**** Data segment ****

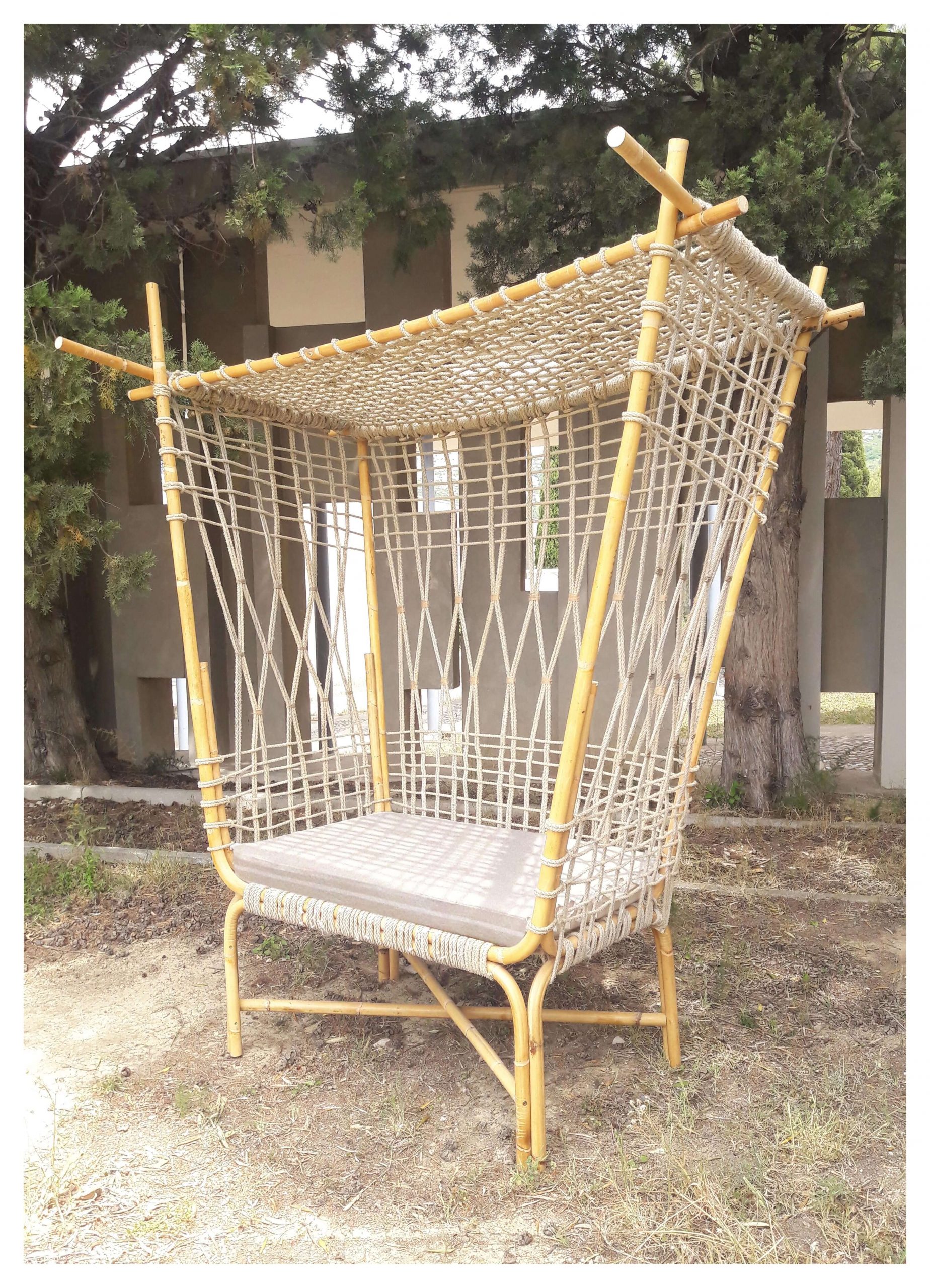Cette chaise, inspirée du moucharabieh, est un mobilier pour l’extérieur, elle s’installe dans le jardin. Semblable à un cocon pour un moment d’intimité, ou pour lire par exemple, sans être dérangé par le regard. Elle offre une ambiance relaxante en laissant pénétrer l’air frais et les rayons solaires à travers les motifs du tissage.
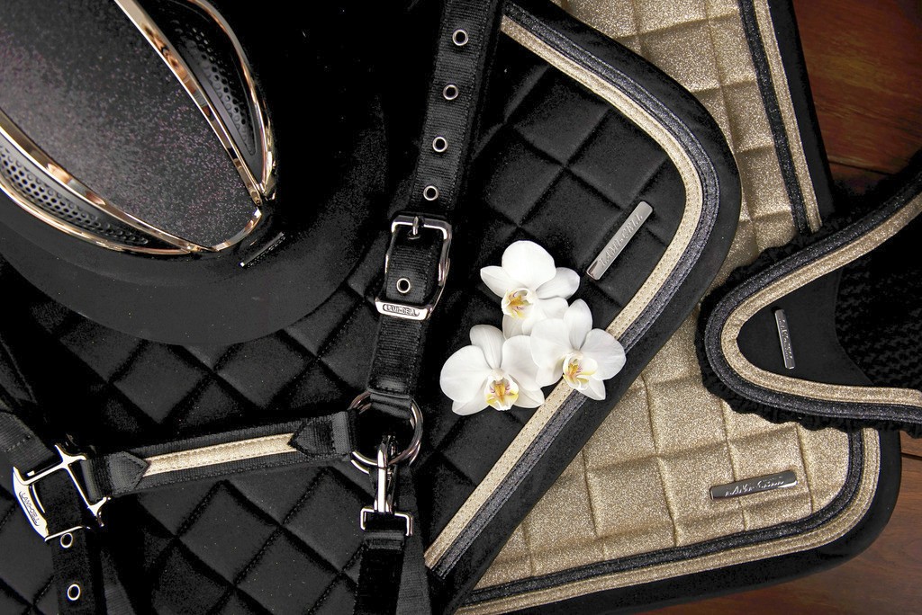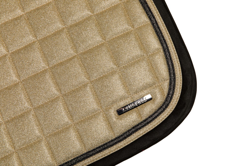 „Sparkling Schabracke. Mit Glitzerstoff, Füllung aus 240g Synthermax und 8mm besonders dichtem Schaumstoff. Mit einer besonders luftdurchlässigen und schnelltrocknenden Quick-Dry Unterseite.
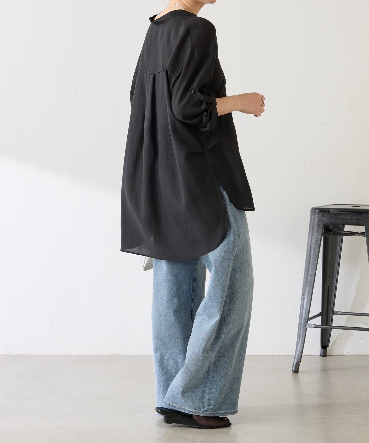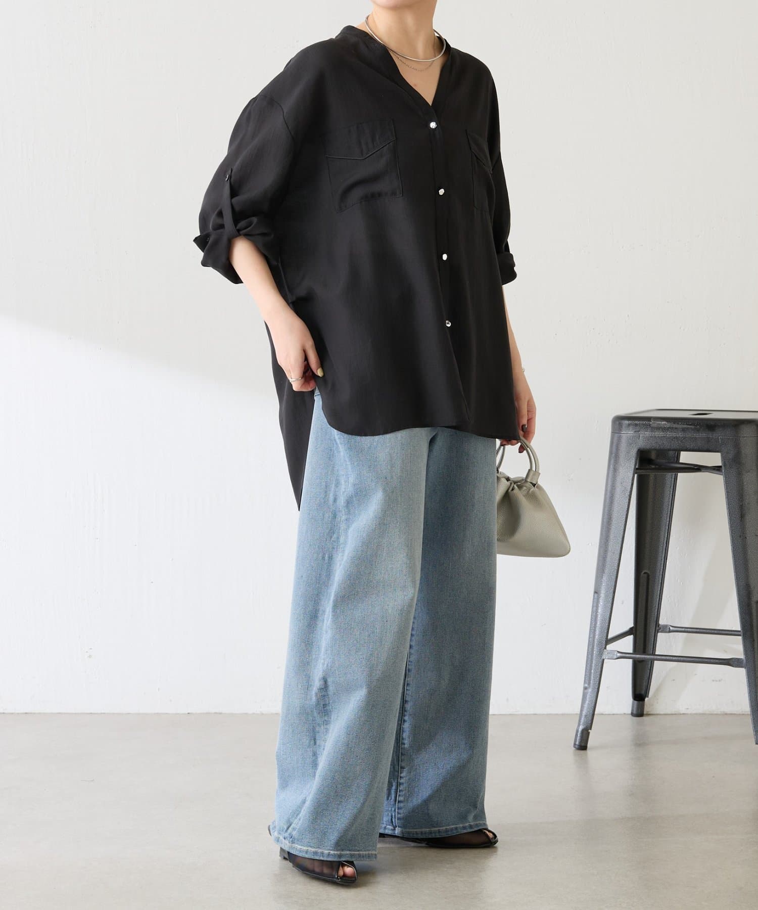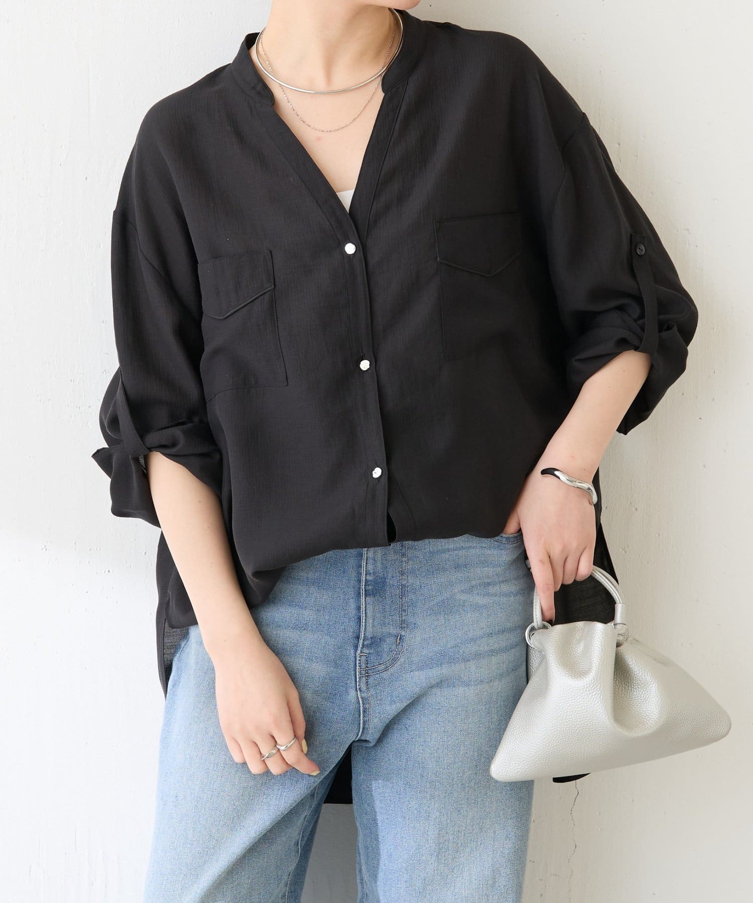 スラックスやタイトスカートと合わせて通勤にもおすすめです。スキッパーネックなのでジャケットともバランス良く決まりやすいです。
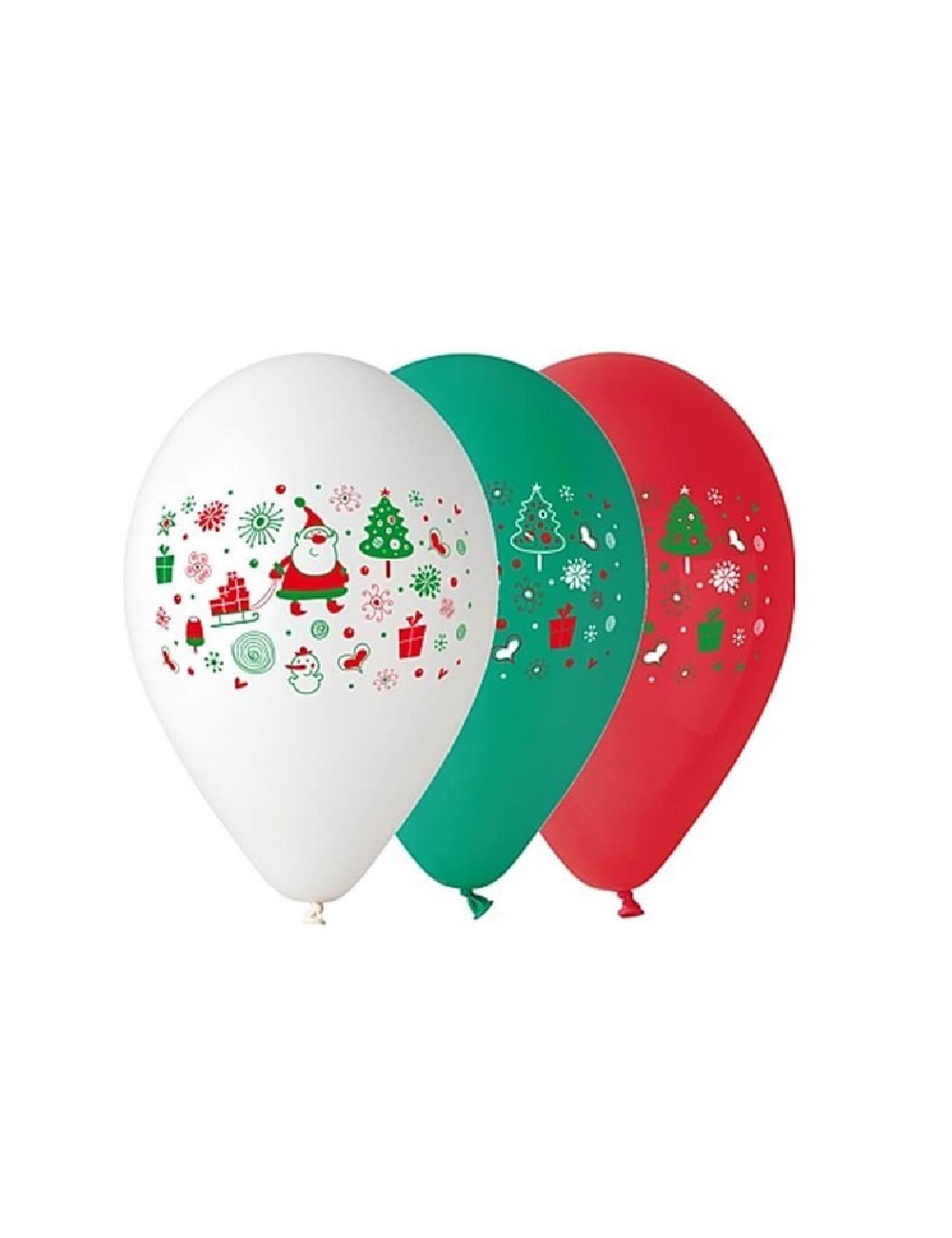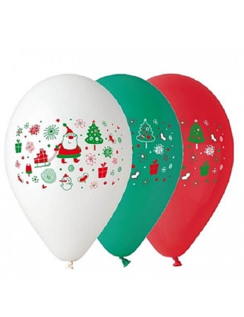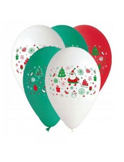 Set 5 baloane de Craciun, multicolore, 30 cm, din latex-cauciuc natural, culori rosu, alb si verde.

****

Task details
Starting from the line where "schnelltrocknenden Quick-Dry Unterseite." appears, copy every line through the end of the material, both ends included, but no pictures.

Output for this task
 „Sparkling Schabracke. Mit Glitzerstoff, Füllung aus 240g Synthermax und 8mm besonders dichtem Schaumstoff. Mit einer besonders luftdurchlässigen und schnelltrocknenden Quick-Dry Unterseite.
 スラックスやタイトスカートと合わせて通勤にもおすすめです。スキッパーネックなのでジャケットともバランス良く決まりやすいです。
 Set 5 baloane de Craciun, multicolore, 30 cm, din latex-cauciuc natural, culori rosu, alb si verde.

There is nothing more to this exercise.